__YOUR OBJECTIVE__
When you copy the listing, skip the images and return each line verbatim.

__INFORMATION SHOWN__
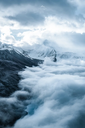 在萨普的第三天,幸运地遇上云海,清晨走出牧民家的时候,完全身处云雾之中。看不见萨普群峰,看不见圣湖,甚至连近处的木桥溪流都消失不见。只有当无人机飞上500米高空,才能看见云雾如海浪般弥漫在群峰之间。我喜欢的雪漠峰(被称为萨普的妻子)在一两个小时后才似睡非醒地露出了山峰。 2021.10.4摄于西藏萨普
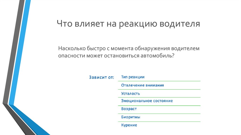 Что влияет на реакцию водителяНасколько быстро с момента обнаружения водителем
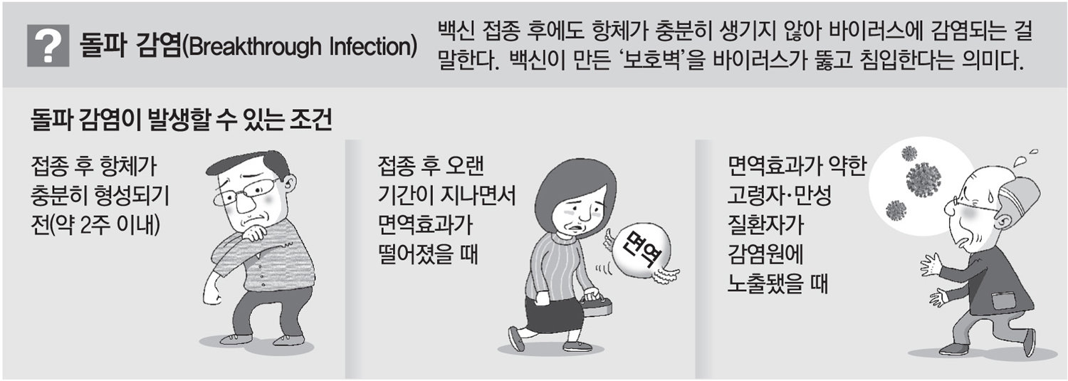 국내외에서 코로나 19 백신을 맞았는데도 양성 판정을 받는 이른바 '돌파 감염' 사례가 이어지고 있습니다. 델타 변이 바이러스가 최근 빠른 속도로 번지고 있는 상황에서 자꾸 변종을 하는 코로나 19에 기존 백신의 효과가 떨어지는 것이 아니냐는 우려가 커지고 있습니다. 돌파 감염(Breakthrough infection)은 정해진 접종 횟수를 다 채우고 2주의 항체 형성 기간이 지난 뒤 코로나19에 감염되는 사례를 말합니다.
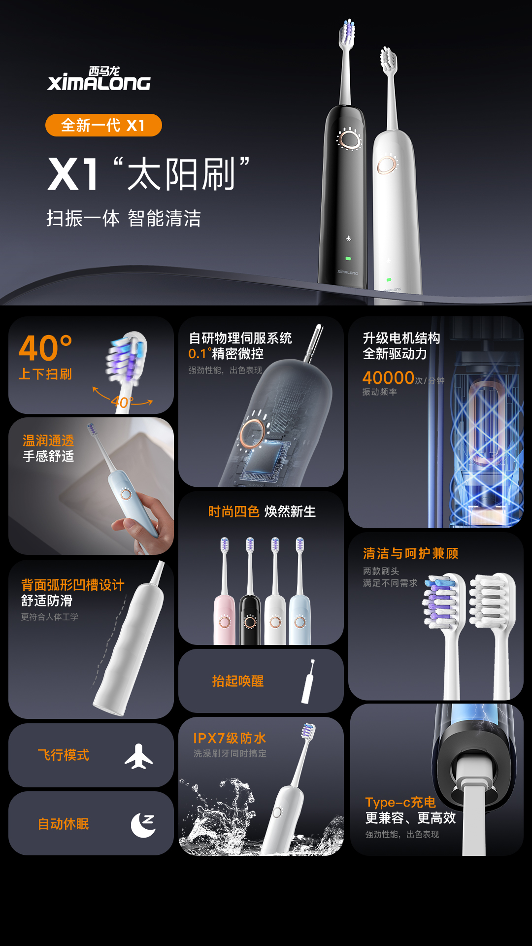 我们西马龙X1扫振电动牙刷的亮点不仅在于其独特的40°上下扫刷技术,更在于其超长续航、智能提醒等核心功能。续航方面采用高效的900毫安聚合物电池,一次充电即可使用长达60天,让用户无需频繁充电,更加省心省力。

__EXERCISE RESPONSE__
 在萨普的第三天,幸运地遇上云海,清晨走出牧民家的时候,完全身处云雾之中。看不见萨普群峰,看不见圣湖,甚至连近处的木桥溪流都消失不见。只有当无人机飞上500米高空,才能看见云雾如海浪般弥漫在群峰之间。我喜欢的雪漠峰(被称为萨普的妻子)在一两个小时后才似睡非醒地露出了山峰。 2021.10.4摄于西藏萨普
 Что влияет на реакцию водителяНасколько быстро с момента обнаружения водителем
 국내외에서 코로나 19 백신을 맞았는데도 양성 판정을 받는 이른바 '돌파 감염' 사례가 이어지고 있습니다. 델타 변이 바이러스가 최근 빠른 속도로 번지고 있는 상황에서 자꾸 변종을 하는 코로나 19에 기존 백신의 효과가 떨어지는 것이 아니냐는 우려가 커지고 있습니다. 돌파 감염(Breakthrough infection)은 정해진 접종 횟수를 다 채우고 2주의 항체 형성 기간이 지난 뒤 코로나19에 감염되는 사례를 말합니다.
 我们西马龙X1扫振电动牙刷的亮点不仅在于其独特的40°上下扫刷技术,更在于其超长续航、智能提醒等核心功能。续航方面采用高效的900毫安聚合物电池,一次充电即可使用长达60天,让用户无需频繁充电,更加省心省力。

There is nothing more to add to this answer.